US 11,703,566 B2
Multi-modal sensor data association architecture
Joshua Kriser Cohen, Sunnyvale, CA (US); Sabeek Mani Pradhan, Redwood City, CA (US); Balazs Kovacs, Foster City, CA (US); and Cooper Stokes Sloan, San Francisco, CA (US)
Assigned to Zoox, Inc., Foster City, CA (US)
Filed by Zoox, Inc., Foster City, CA (US)
Filed on Jul. 12, 2021, as Appl. No. 17/373,550.
Application 17/373,550 is a continuation of application No. 16/386,249, filed on Apr. 16, 2019, granted, now 11,062,454.
Prior Publication US 2021/0343022 A1, Nov. 4, 2021
Int. Cl.
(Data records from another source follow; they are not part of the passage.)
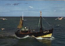 Nels. - De O.111 "Nathalie" met op de achtergrond een pakketboot van de Oostende Doverlijn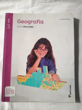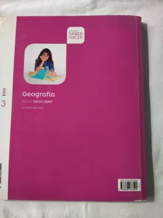 Vendo libro de geografía para 3 ° ESO, editorial Santillana, proyecto saber hacer, serie descubre, ISBN 9788468033594, alguna página cruzada a lápiz pero casi sin usar, hago envíos y preparo lotes, precio 2 euros.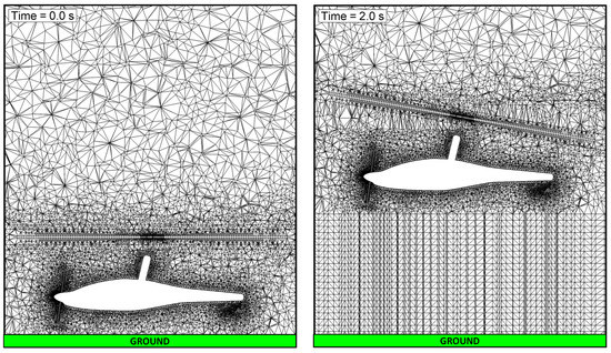 Cross-section of computational mesh around the gyroplane in two different stages of flight Left: a ground pre-rotation, right: a forward flight a few meters above the ground.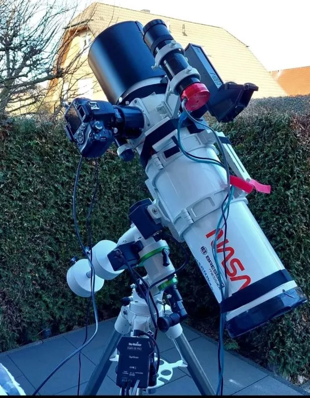 Beraten wurde ich hier auch von meinen mittlerweile Kollegen der Sternwarte Paderborn, wo ich kurzerhand in den Verein eintrat. Raus kam ein Bresser Newton 150/750 mit Exos 1 Montierung ohne Nachführung und GoTo, der mir als guter Allrounder mehrfach nahegelegt wurde. Damals war ich mir der Situation aber nicht so bewusst, das ich vielleicht mal fotografieren möchte. Nach und nach kamen Begriffe wie Langzeitbelichtung, Autoguiding etc. dazu. Zudem hatte ich echte Probleme, trotz diverser Hilfestellungen wie Apps und Sternenatlas ein Objekt, zu finden. Im Juni 2019 bin ich dann schließlich auf eine GoTo Montierung von Skywatcher umgestiegen, hierbei handelt es sich um die EQM 35 GoTo Pro Syncscan.

G06N 20/20 (2019.01); G01S 7/41 (2006.01); G06T 7/11 (2017.01); G01S 17/89 (2020.01); G06N 3/08 (2023.01); G06V 10/25 (2022.01); G06V 10/764 (2022.01); G06V 10/82 (2022.01); G06V 20/64 (2022.01)
CPC G01S 7/417 (2013.01) [G01S 17/89 (2013.01); G06N 3/08 (2013.01); G06N 20/20 (2019.01); G06T 7/11 (2017.01); G06V 10/25 (2022.01); G06V 10/764 (2022.01); G06V 10/82 (2022.01); G06V 20/64 (2022.01); G06T 2207/10028 (2013.01)] 20 Claims
OG exemplary drawing
 
1. A method comprising:
receiving first sensor data associated with an image sensor, the first sensor data representing a first portion of an environment surrounding a vehicle;
receiving second sensor data associated with a depth sensor, the second sensor data representing a second portion of the environment surrounding the vehicle, wherein the first portion of the environment surrounding the vehicle and the second portion of the environment surrounding the vehicle at least partially overlap;
inputting the first sensor data into a first subnetwork;
receiving a first output from the first subnetwork;
determining, based at least in part on the first output, an object detection that identifies an object in one or more images of the first sensor data;
determining, based at least in part on the second sensor data, depth information corresponding to the environment;
inputting at least a portion of the first output and the depth information into a second subnetwork;
receiving a second output from the second subnetwork;
determining, based at least in part on the second output, a three-dimensional region of interest corresponding to the object;
combining, as a combined output, the first output and the second output;
inputting a first portion of the combined output into a third subnetwork and second portion of the combined output into a fourth subnetwork; and
receiving a first map from the third subnetwork and second map from the fourth subnetwork.